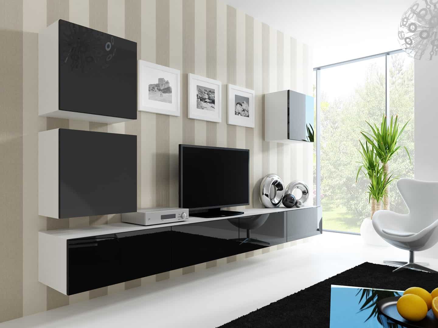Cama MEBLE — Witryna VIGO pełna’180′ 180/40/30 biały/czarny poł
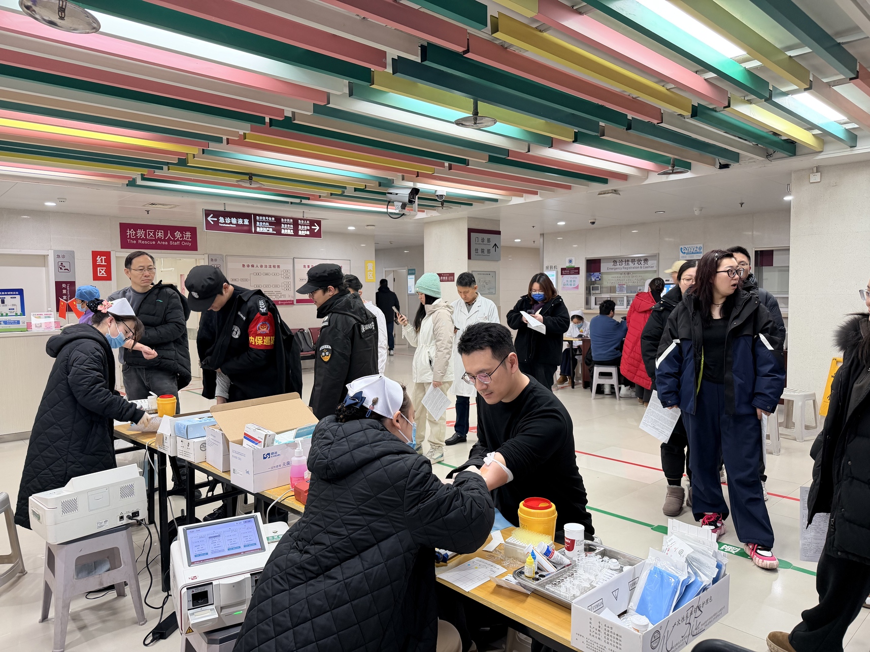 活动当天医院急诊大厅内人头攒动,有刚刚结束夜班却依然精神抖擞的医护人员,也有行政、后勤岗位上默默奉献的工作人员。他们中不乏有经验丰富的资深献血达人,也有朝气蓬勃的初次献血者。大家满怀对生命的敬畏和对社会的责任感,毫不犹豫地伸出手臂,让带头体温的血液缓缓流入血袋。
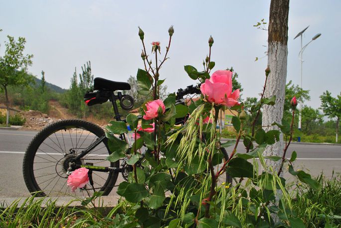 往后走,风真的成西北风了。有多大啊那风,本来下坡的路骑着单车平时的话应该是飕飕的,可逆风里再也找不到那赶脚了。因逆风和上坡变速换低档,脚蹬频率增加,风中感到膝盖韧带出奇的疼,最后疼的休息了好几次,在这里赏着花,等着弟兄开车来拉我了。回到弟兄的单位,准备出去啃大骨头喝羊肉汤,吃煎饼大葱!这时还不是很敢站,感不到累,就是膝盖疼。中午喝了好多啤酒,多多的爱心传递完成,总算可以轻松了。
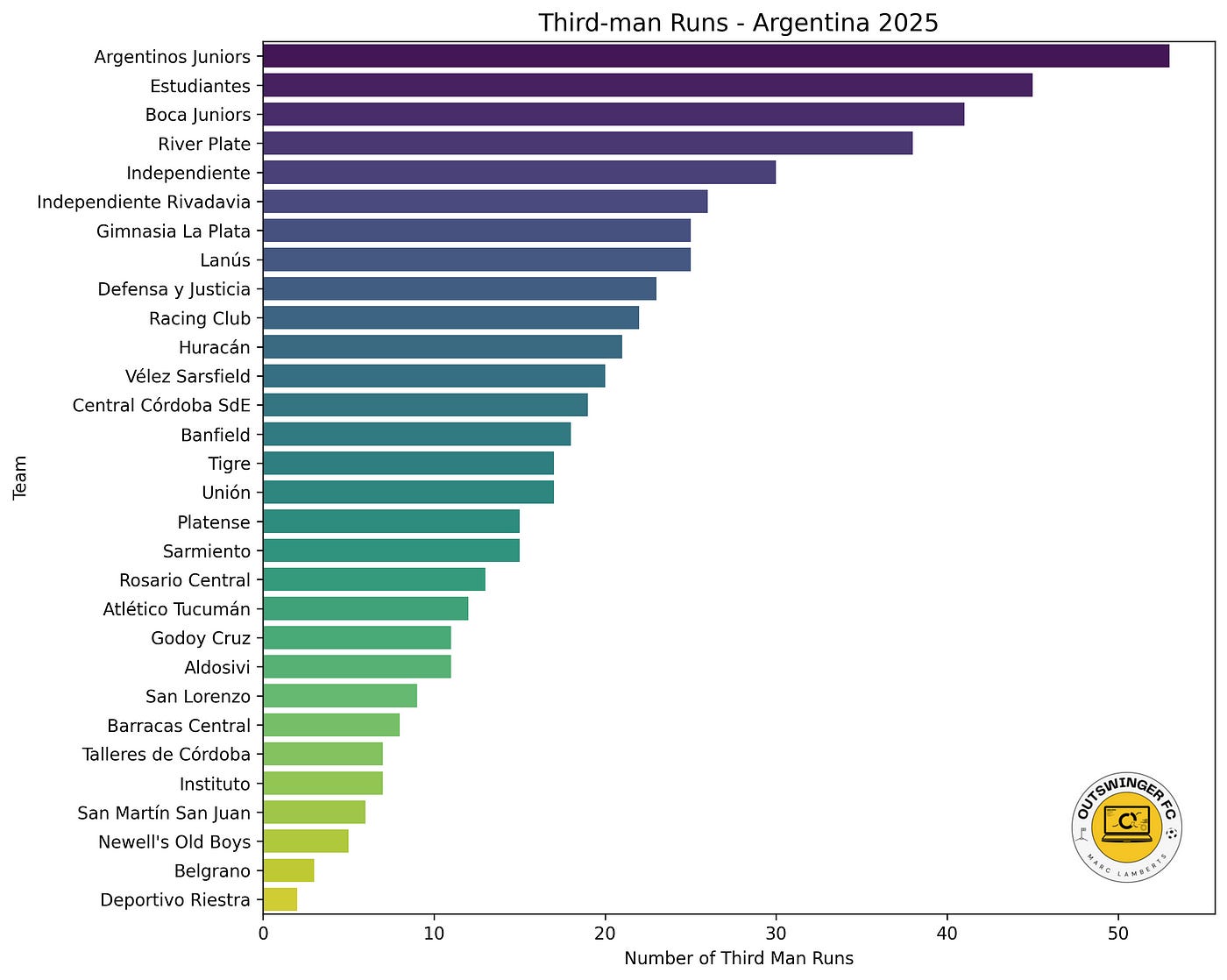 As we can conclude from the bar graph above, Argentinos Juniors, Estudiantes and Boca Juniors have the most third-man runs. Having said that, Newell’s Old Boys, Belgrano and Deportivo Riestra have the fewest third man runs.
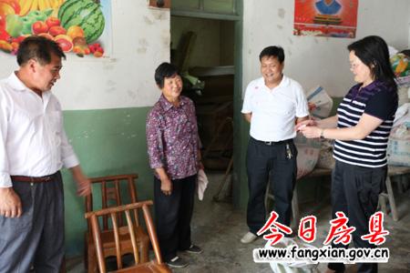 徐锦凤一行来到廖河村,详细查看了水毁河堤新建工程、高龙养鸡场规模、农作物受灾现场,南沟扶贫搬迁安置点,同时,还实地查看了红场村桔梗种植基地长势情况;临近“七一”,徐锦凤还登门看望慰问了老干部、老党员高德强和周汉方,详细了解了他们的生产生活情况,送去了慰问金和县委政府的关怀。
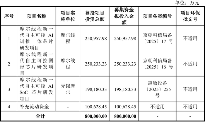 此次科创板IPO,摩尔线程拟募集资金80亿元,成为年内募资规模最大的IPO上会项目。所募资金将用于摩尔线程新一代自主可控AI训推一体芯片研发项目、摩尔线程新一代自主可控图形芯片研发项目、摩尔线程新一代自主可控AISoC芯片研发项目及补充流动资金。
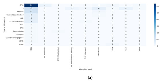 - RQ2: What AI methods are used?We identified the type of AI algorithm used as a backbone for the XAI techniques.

--

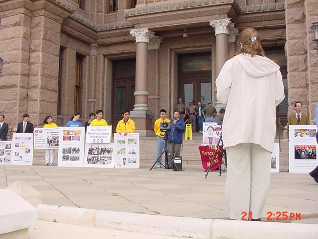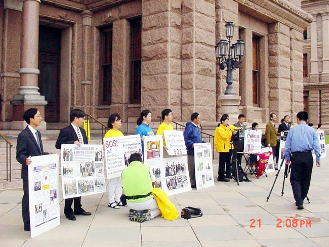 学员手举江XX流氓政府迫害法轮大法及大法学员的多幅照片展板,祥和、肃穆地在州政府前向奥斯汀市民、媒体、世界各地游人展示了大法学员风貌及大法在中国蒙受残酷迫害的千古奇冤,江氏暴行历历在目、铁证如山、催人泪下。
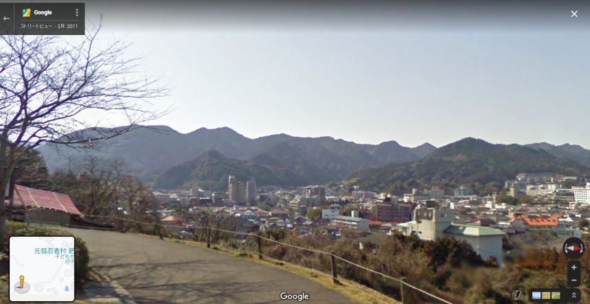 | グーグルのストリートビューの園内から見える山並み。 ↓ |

## Work task:
Word for word, write out the lines above running from the one with "徐锦凤一行来到廖河村,详细查" up to and including the one with "- RQ2: What". Drop any picture.

## Expected answer:
 徐锦凤一行来到廖河村,详细查看了水毁河堤新建工程、高龙养鸡场规模、农作物受灾现场,南沟扶贫搬迁安置点,同时,还实地查看了红场村桔梗种植基地长势情况;临近“七一”,徐锦凤还登门看望慰问了老干部、老党员高德强和周汉方,详细了解了他们的生产生活情况,送去了慰问金和县委政府的关怀。
 此次科创板IPO,摩尔线程拟募集资金80亿元,成为年内募资规模最大的IPO上会项目。所募资金将用于摩尔线程新一代自主可控AI训推一体芯片研发项目、摩尔线程新一代自主可控图形芯片研发项目、摩尔线程新一代自主可控AISoC芯片研发项目及补充流动资金。
 - RQ2: What AI methods are used?We identified the type of AI algorithm used as a backbone for the XAI techniques.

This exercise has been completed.